* **WHAT IS EXPECTED**
Pictures stay out of the copy, and everything else in the data below is repeated exactly.

* **DATASET EXCERPT**
******

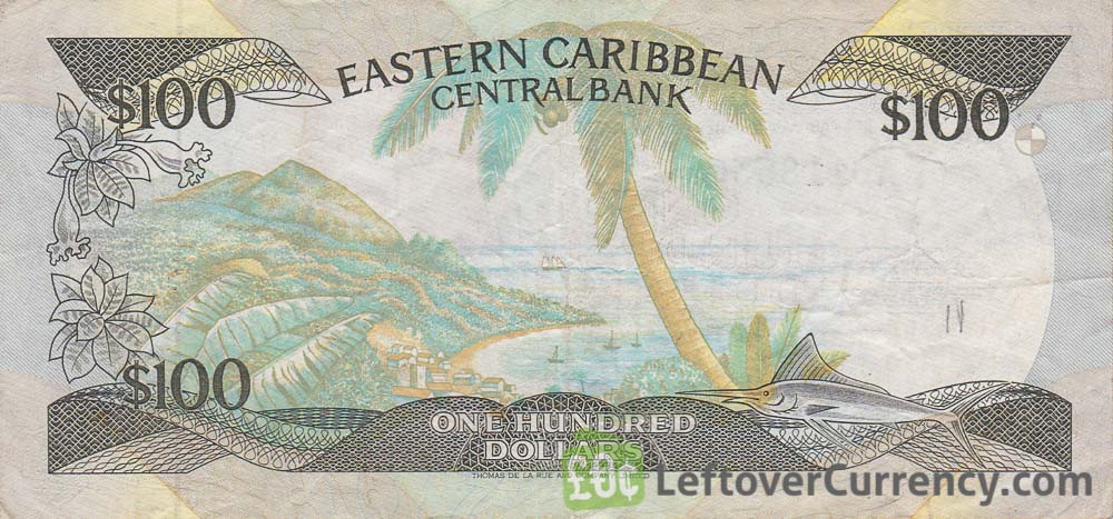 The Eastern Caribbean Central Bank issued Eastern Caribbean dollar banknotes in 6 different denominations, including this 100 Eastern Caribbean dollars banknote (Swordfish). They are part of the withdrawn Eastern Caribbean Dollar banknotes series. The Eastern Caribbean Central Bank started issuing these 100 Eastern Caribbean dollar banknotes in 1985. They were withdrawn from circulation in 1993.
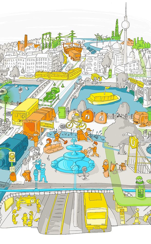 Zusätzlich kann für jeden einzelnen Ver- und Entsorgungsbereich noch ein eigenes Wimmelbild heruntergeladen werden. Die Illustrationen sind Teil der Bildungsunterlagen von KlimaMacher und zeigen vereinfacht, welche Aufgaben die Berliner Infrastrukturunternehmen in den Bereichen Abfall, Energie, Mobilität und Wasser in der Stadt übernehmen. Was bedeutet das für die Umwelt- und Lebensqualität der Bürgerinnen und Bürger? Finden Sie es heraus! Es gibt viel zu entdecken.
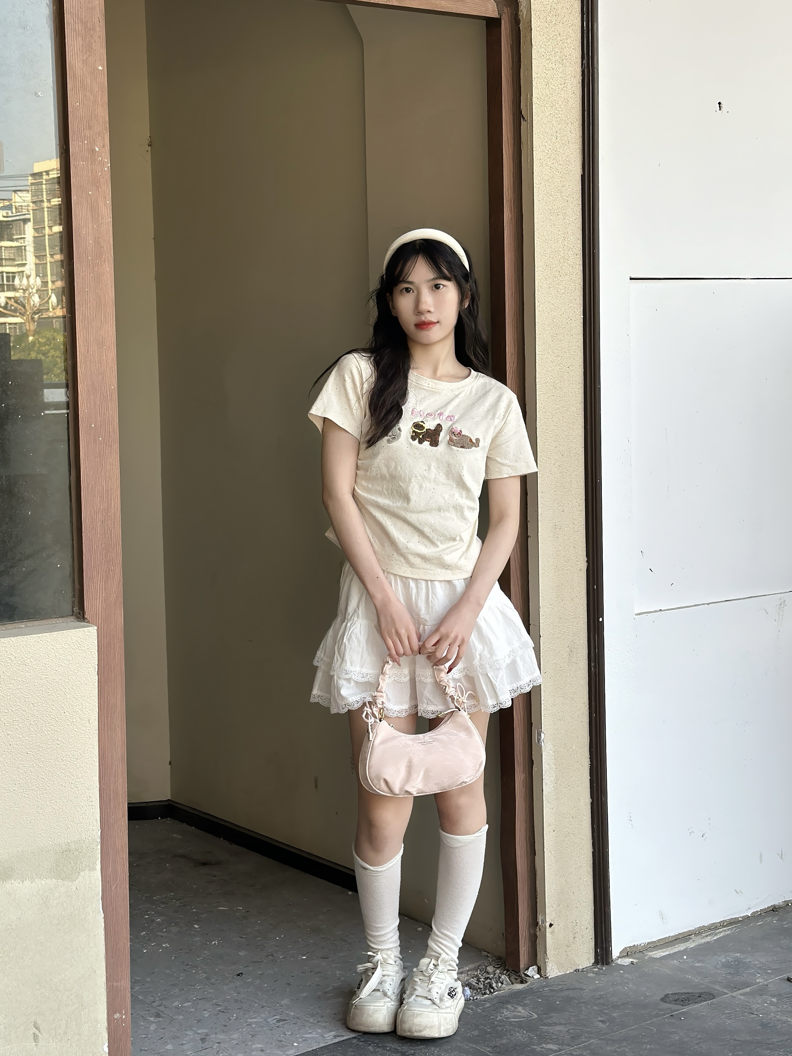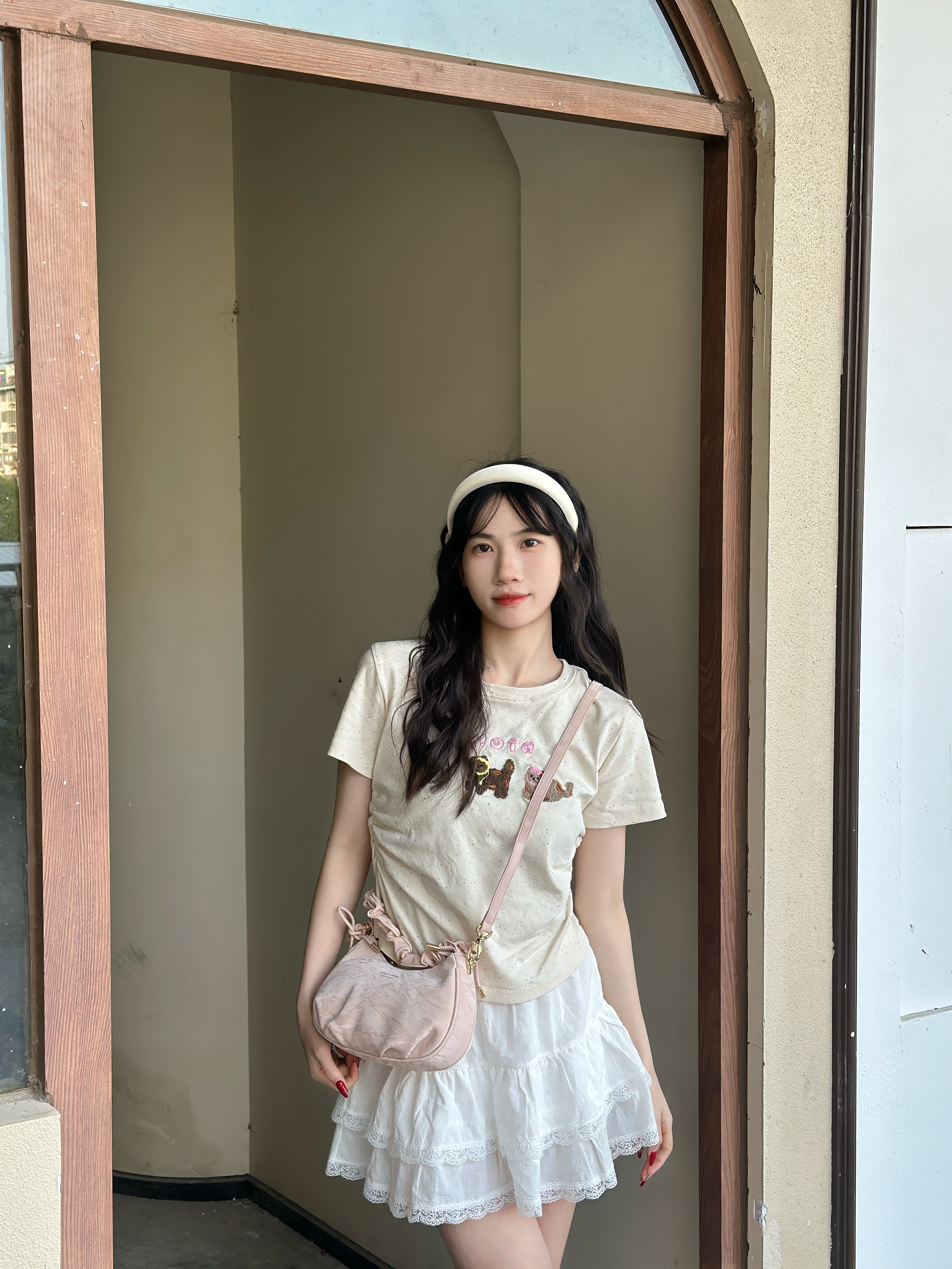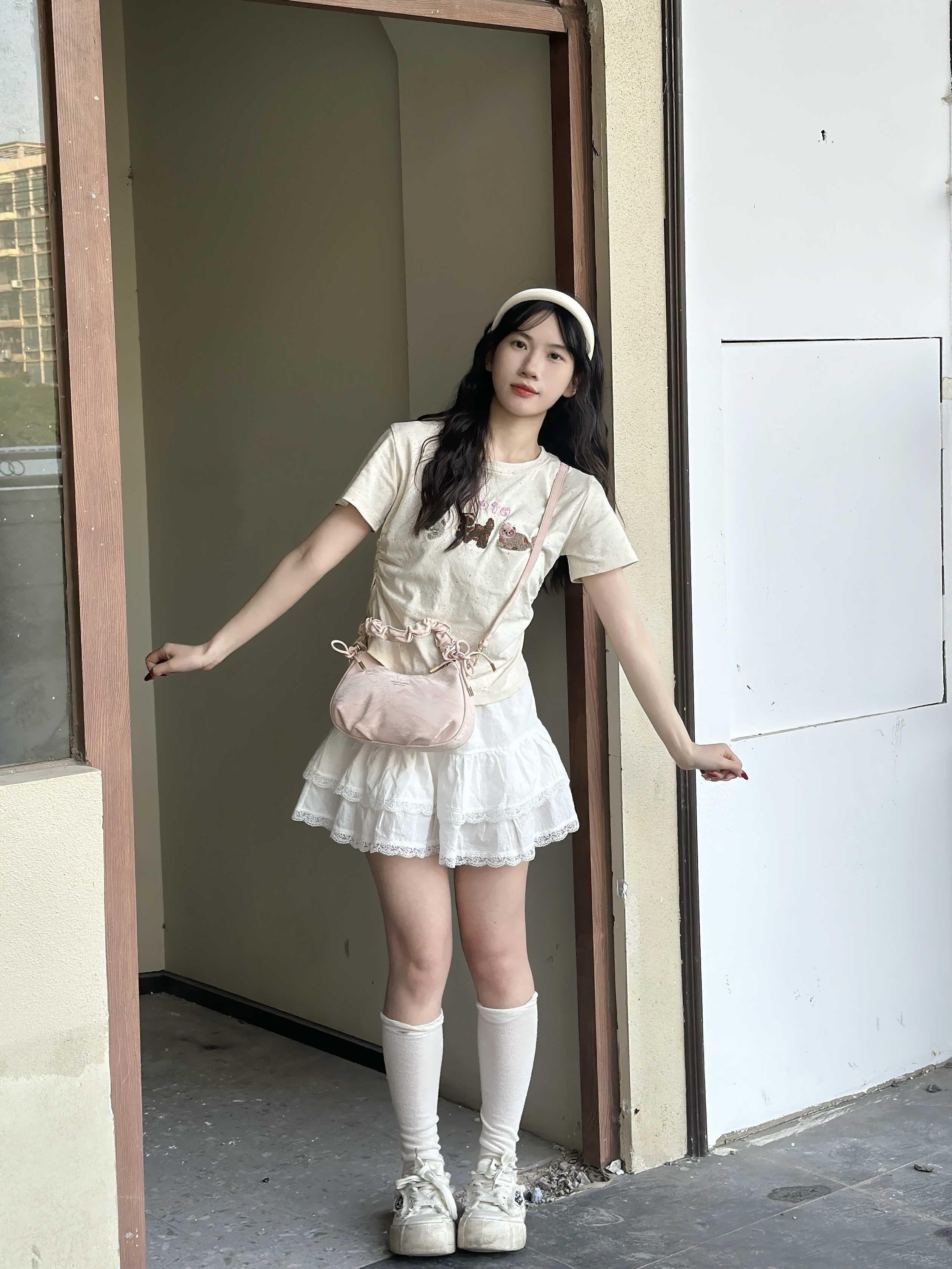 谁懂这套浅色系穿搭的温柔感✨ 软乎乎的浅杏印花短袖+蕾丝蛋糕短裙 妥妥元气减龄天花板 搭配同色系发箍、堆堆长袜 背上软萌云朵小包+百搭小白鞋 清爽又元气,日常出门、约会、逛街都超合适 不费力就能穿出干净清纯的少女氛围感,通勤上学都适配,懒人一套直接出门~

******

* **ANSWER AREA**
 The Eastern Caribbean Central Bank issued Eastern Caribbean dollar banknotes in 6 different denominations, including this 100 Eastern Caribbean dollars banknote (Swordfish). They are part of the withdrawn Eastern Caribbean Dollar banknotes series. The Eastern Caribbean Central Bank started issuing these 100 Eastern Caribbean dollar banknotes in 1985. They were withdrawn from circulation in 1993.
 Zusätzlich kann für jeden einzelnen Ver- und Entsorgungsbereich noch ein eigenes Wimmelbild heruntergeladen werden. Die Illustrationen sind Teil der Bildungsunterlagen von KlimaMacher und zeigen vereinfacht, welche Aufgaben die Berliner Infrastrukturunternehmen in den Bereichen Abfall, Energie, Mobilität und Wasser in der Stadt übernehmen. Was bedeutet das für die Umwelt- und Lebensqualität der Bürgerinnen und Bürger? Finden Sie es heraus! Es gibt viel zu entdecken.
 谁懂这套浅色系穿搭的温柔感✨ 软乎乎的浅杏印花短袖+蕾丝蛋糕短裙 妥妥元气减龄天花板 搭配同色系发箍、堆堆长袜 背上软萌云朵小包+百搭小白鞋 清爽又元气,日常出门、约会、逛街都超合适 不费力就能穿出干净清纯的少女氛围感,通勤上学都适配,懒人一套直接出门~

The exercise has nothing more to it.